In his homily, Francis praised her as the merciful saint who defended the lives of the unborn, sick and abandoned, recalling her strong opposition to abortion, which often put her at odds with progressives around the world.
“She bowed down before those who were spent, left to die on the side of the road, seeing in them their God-given dignity,” he said.
Teresa's most famous critic, Christopher Hitchens, has accused her of taking donations from dictators — charges church authorities deny. Francis chose to emphasize her other dealings with the powerful. “She made her voice heard before the powers of the world, so that they might recognize their guilt for the crimes of poverty they themselves created,” he said, repeating for emphasis “the crimes of poverty.”
Hundreds of Missionaries of Charity sisters had front-row seats at the Mass, alongside 1,500 homeless people and 13 heads of state or government and even royalty: Queen Sofia of Spain.

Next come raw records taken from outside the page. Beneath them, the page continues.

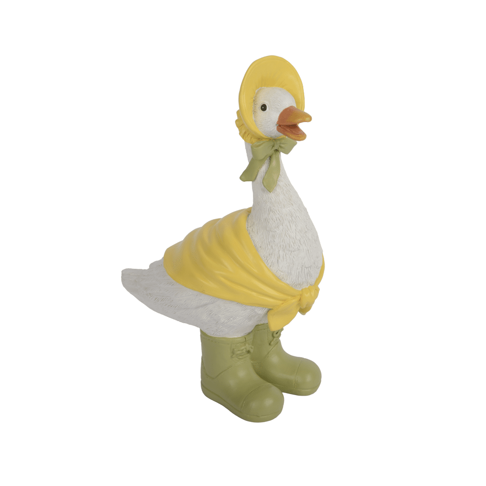 Decoris wit gans met gele cape en groene laarzenLaat een warm welkom binnenstromen met deze charmante gans, die een vrolijke zomerse sfeer brengt in elke hoek van je interieur of buitenruimte. Dit speelse decoratief figuur van polyresin heeft een levendige uitstraling dankzij de gele cape, bijpassende capuchon en groene laarzen. Met een hoogte van 31 cm en natuurlijke details voegt het een uniek en uitnodigend accent toe aan een country- of cottage stijl. De zachte witte kleur zorgt voor een rustgevende basis die moeiteloos samengaat met diverse interieurstijlen.• Lichtgewicht en eenvoudig te verplaatsen • Weerbestendig en geschikt voor binnen en overdekte buitenruimtes • Onderhoudsarm, gemakkelijk schoon te maken met een zachte doek • Stevige en duurzame afwerking voor langdurig gebruik
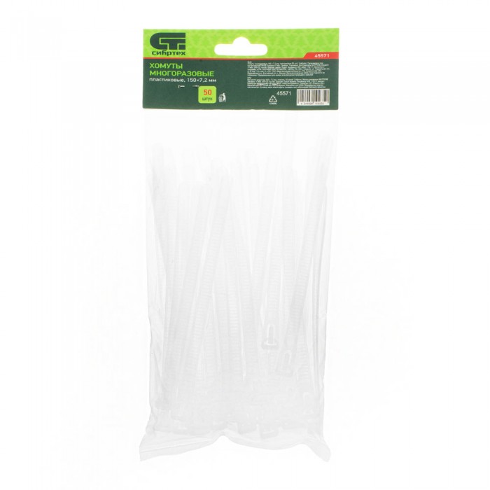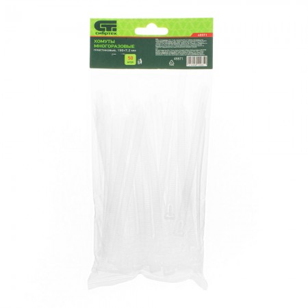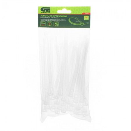 Хомуты многоразовые 150 x 7.2 мм, пластиковые 50 шт Сибртех (45571)
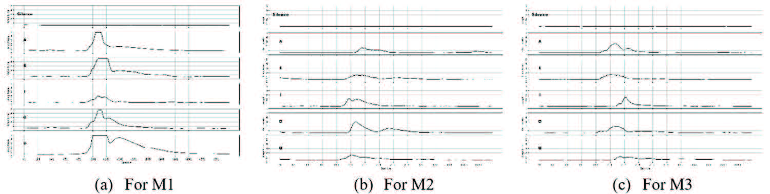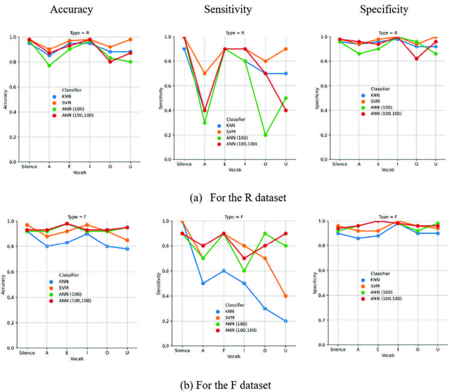 The R and F datasets, derived from the primary dataset, were input into the classifiers, and Table 3 displays their classification accuracy. For the R dataset using Model1, the classification accuracies for each vocabulary item (Silence, A, E, I, O, and U) are 0.95, 0.85, 0.95, 0.95, 0.88, and 0.88, respectively, resulting in a mean accuracy of 0.91 for Model1. Similarly, the mean accuracies for the R dataset with Model2, Model3, and Model4 are 0.95, 0.87, and 0.90, respectively. The overall mean accuracy for the R dataset is 0.91, obtained by averaging each model’s mean accuracy.
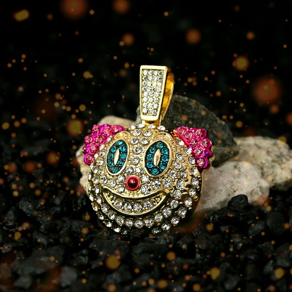 High Fashion Gold Plated AB 2 Row Cuban Tennis Chains & Cz Clown Head Pendant
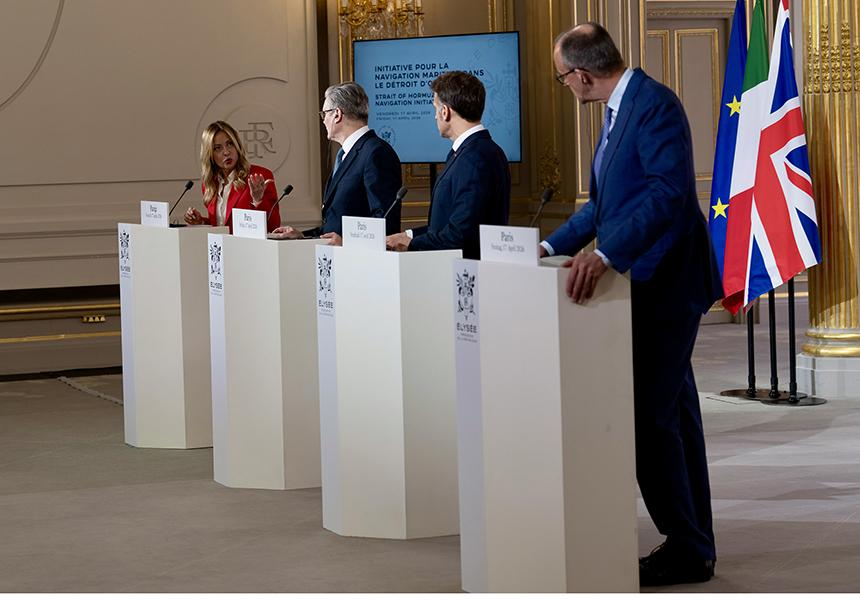 Il Presidente del Consiglio, Giorgia Meloni, ha partecipato alla Conferenza sulla navigazione marittima nello Stretto di Hormuz, a Parigi presso il Palazzo dell’Eliseo. Al termine ha rilasciato le dichiarazioni congiunte con il Presidente della Repubblica francese, Emmanuel Macron, il Primo Ministro del Regno Unito, Keir Starmer, e il Cancelliere federale della Germania, Friedrich Merz.
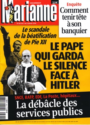 Je lis dans ce qu'il est convenu d'appeler la blogosphère catholique des éloges vibrants à "Marianne" qui aurait, paraît-il, manifesté une fois de plus sa "liberté de ton", son "indépendance", son "anticonformisme" en "titrant" "Pie XII : et si Marianne se trompait?"
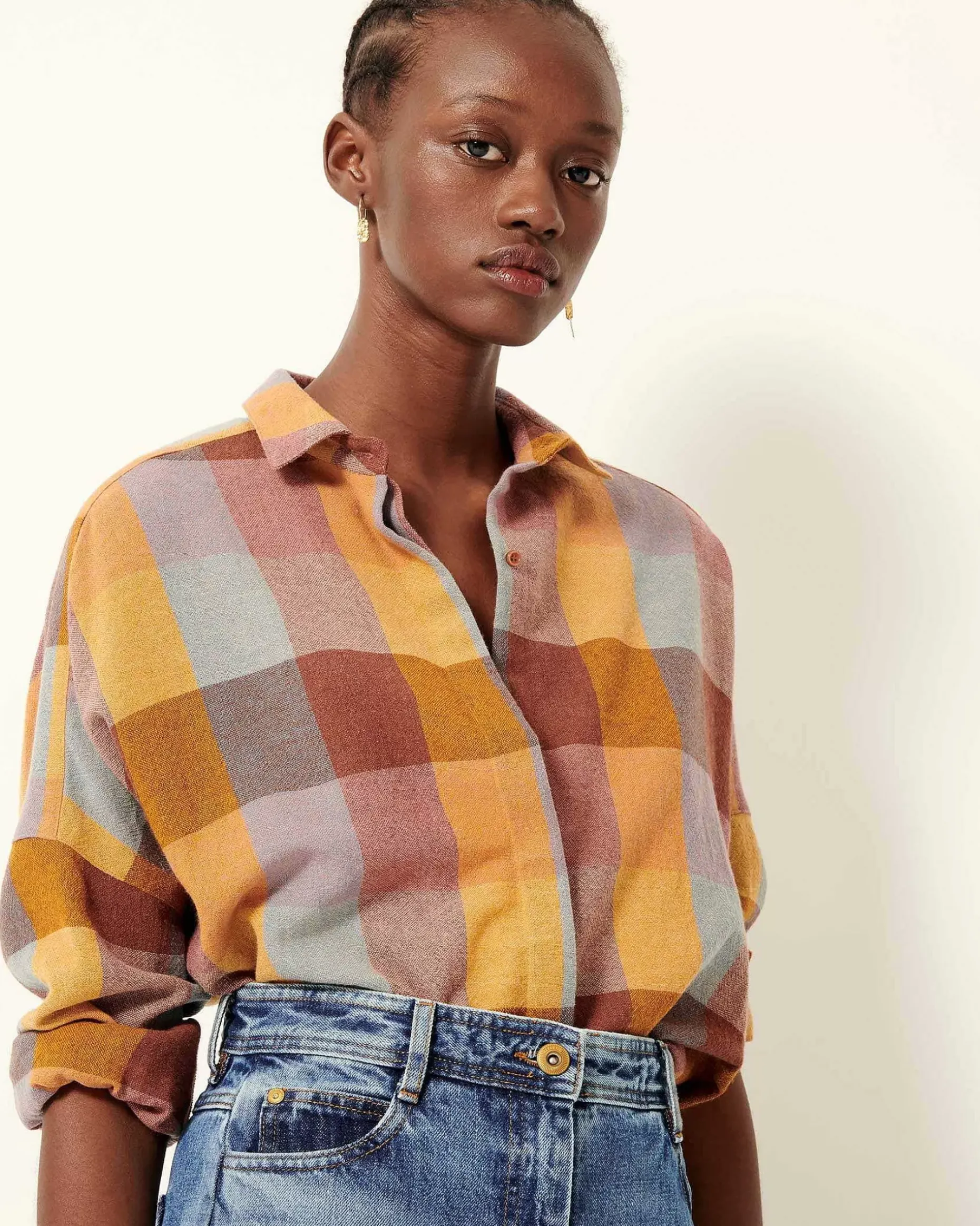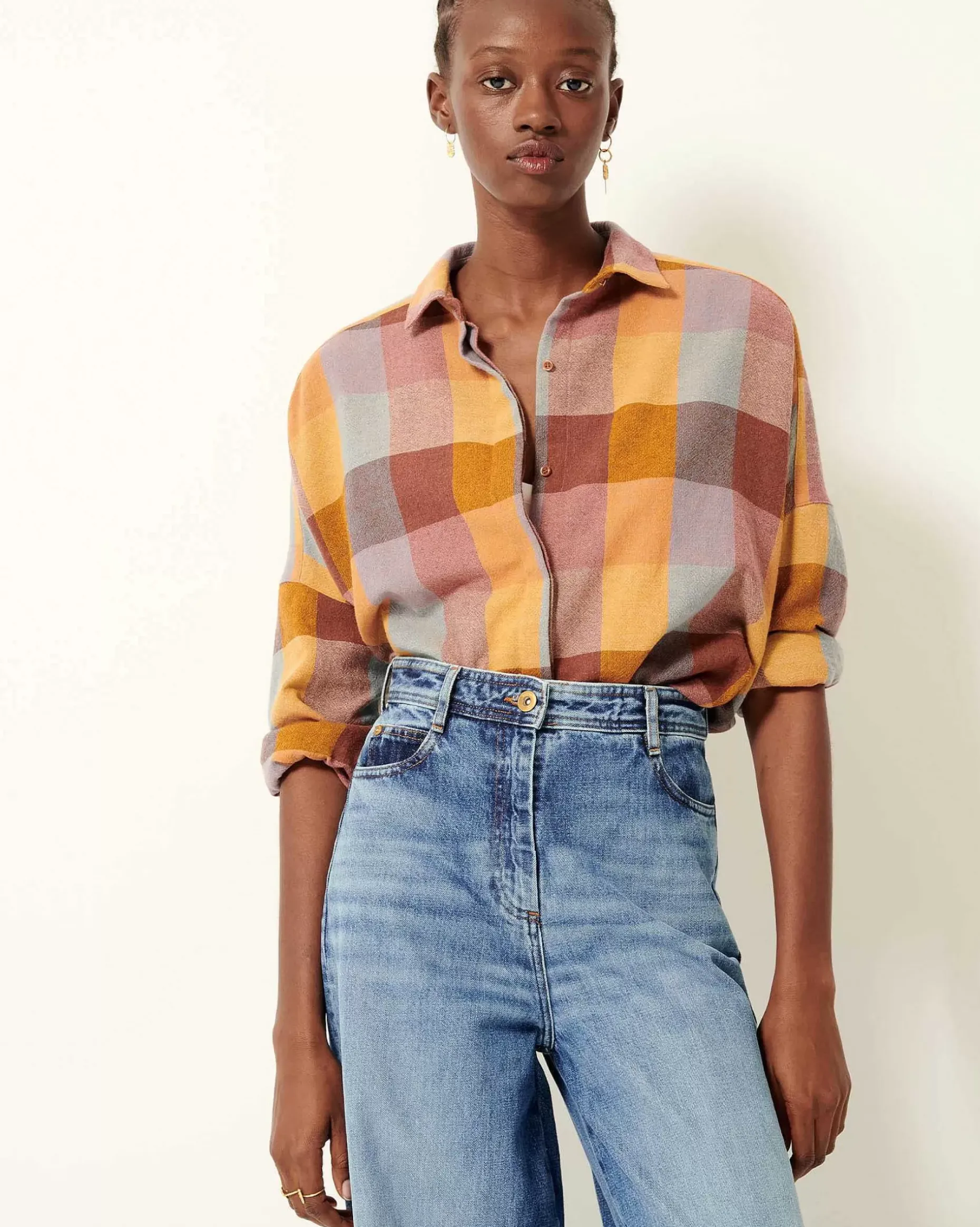 Weit Geschnittenes Hemd Mit Tiefen Armausschnitten Aus Etamin Mit Schottenmuster, Italienische Webarbeit, Exklusiv Für Sessùn.
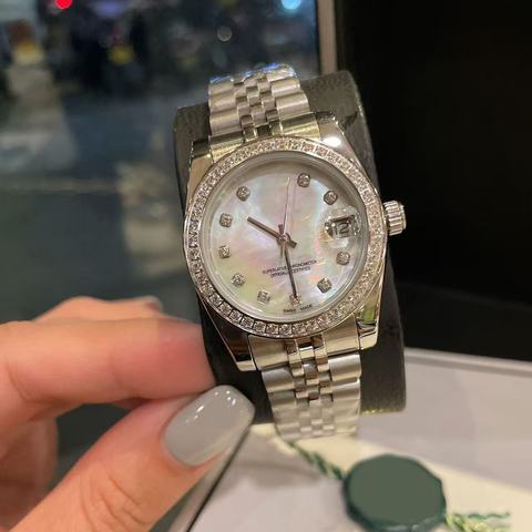 Reloj de cuarzo con puntero de esfera de cristal de 32mm de lujo para mujer, juego de correas de acero de 5 piezas, movimiento Seiko, esfera de 40mm
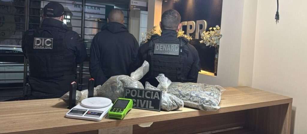 “A Denarc de Maringá, em apoio à Denarc de Santa Catarina, deu cumprimento a mandados de busca e prisão na cidade de Campo Mourão. No local, prendemos um indivíduo que era alvo dos mandados e também encontramos um segundo suspeito. Durante a ação, apreendemos quase dois quilos de uma droga conhecida como capulho, de alto valor de mercado. Ambos receberam voz de prisão e foram conduzidos à delegacia de Campo Mourão, onde foi lavrado o auto de prisão em flagrante”, diz.
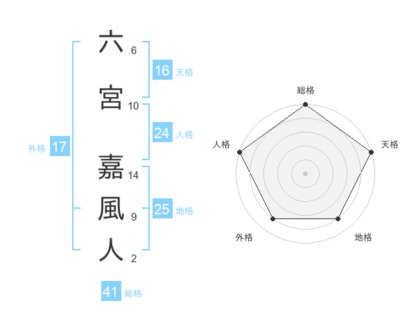 六宮 嘉風人さんを姓名の画数から五運を鑑定
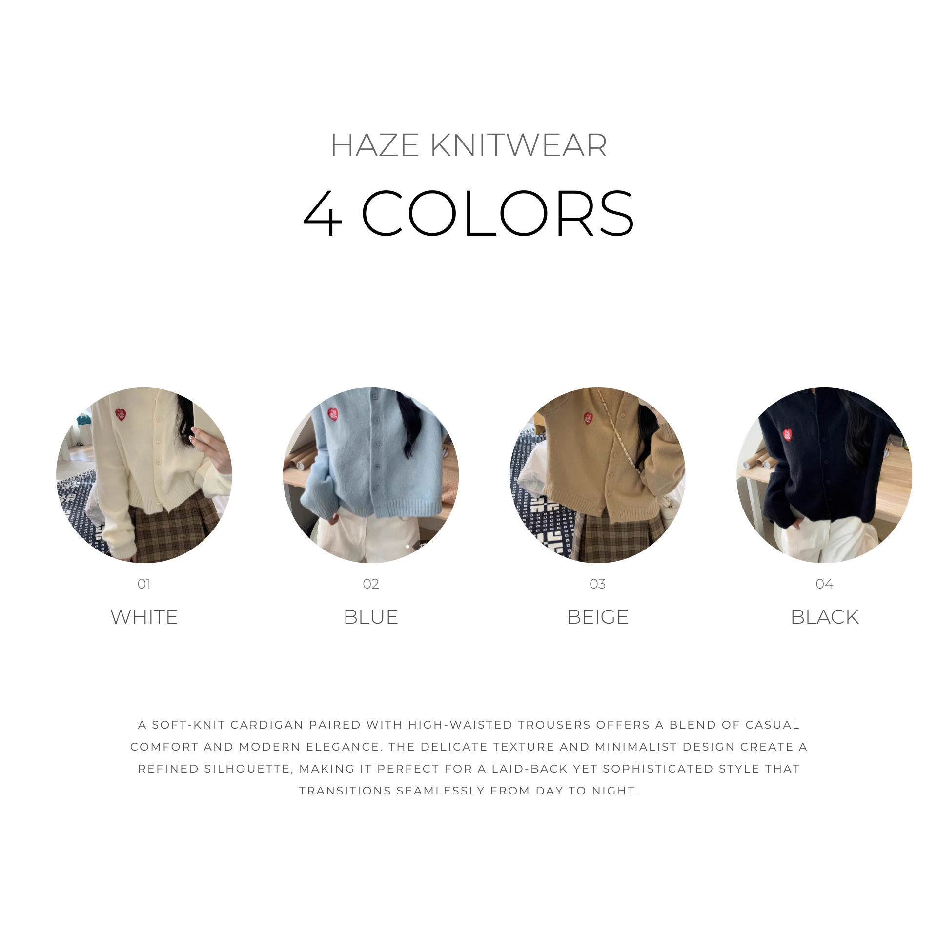 부드러운 소재감: 고급스러운 니트 소재로 피부에 닿는 느낌이 부드럽고 편안하여, 일상 생활에서 편하게 착용할 수 있어요 ✨
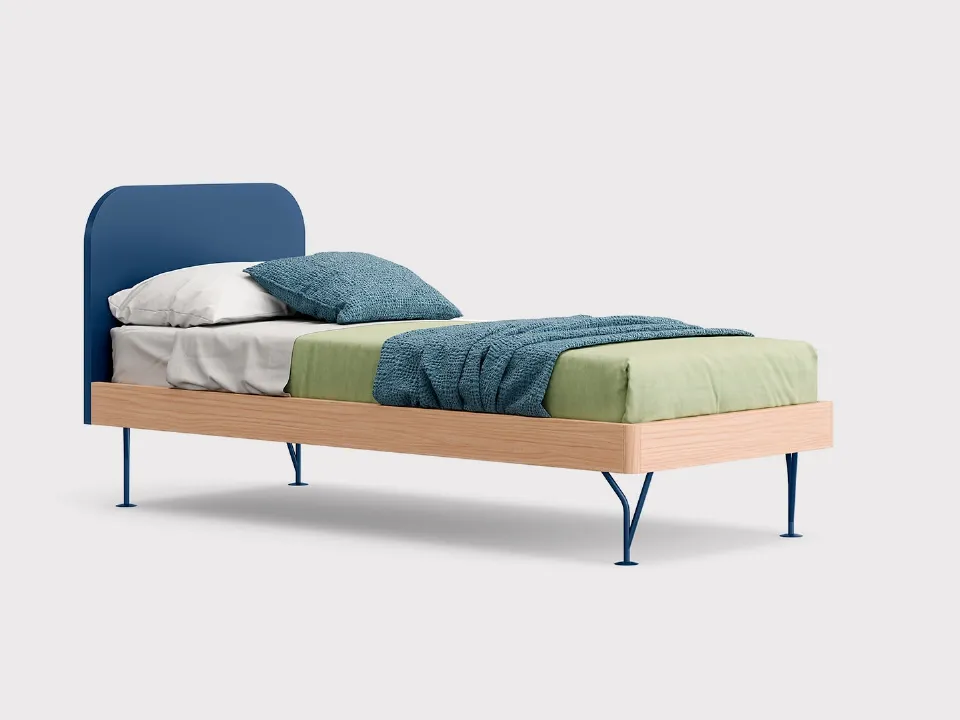 A rich range of modern melamine beds awaits you: the Nidi brand offers different versions of beds that always meet the demands of children. Learn more about the Single Turn bed by Nidi in the image: it is perfect for creating a comfortable, beautiful, and well-organized environment for your children. High-quality materials and environmentally friendly paints characterize the brand's offerings: if the room is not spacious, there are different solutions available that always combine functionality and ergonomics. The Single Beds with headboard for the children's room available in store solve any space and practicality difficulties, while ensuring a unique design.

For the homeless, Francis offered a luncheon afterward in the Vatican auditorium, catered by a Neapolitan pizza maker who brought his own ovens for the event.
The low turnout suggested that financial belt-tightening and security fears in the wake of Islamic extremist attacks in Europe may have kept pilgrims away.
Those fears prompted a huge, 3,000-strong law enforcement presence to secure the area around the Vatican and close the airspace above. Many of those security measures have been in place for the duration of the Jubilee year, which officially ends in November.
While Francis is clearly keen to hold Teresa up as a model for her joyful dedication to the poor, he was also recognizing holiness in a nun who lived most of her adult life in spiritual agony, sensing that God had abandoned her.
According to correspondence that came to light after she died in 1997, Teresa experienced what the church calls a “dark night of the soul” — a period of spiritual doubt, despair and loneliness that many of the great mystics experienced. In Teresa's case, it lasted for nearly 50 years — an almost unheard of trial.
She was awarded the Nobel Peace Prize in 1979 and died in 1997. Soon thereafter, Pope John Paul II placed her on the fast-track for sainthood.
Francis has confessed that he was somewhat intimidated by Teresa, knowing well she was as tough as she was tender. He quipped during a 2014 visit to Albania that he would never have wanted her as his superior because she was so firm with her sisters.
But on Sunday, he admitted that even he would find it hard to call her “St. Teresa,” since her tenderness was so maternal.
“Spontaneously, we will continue to say ‘Mother Teresa,'?” he said to applause.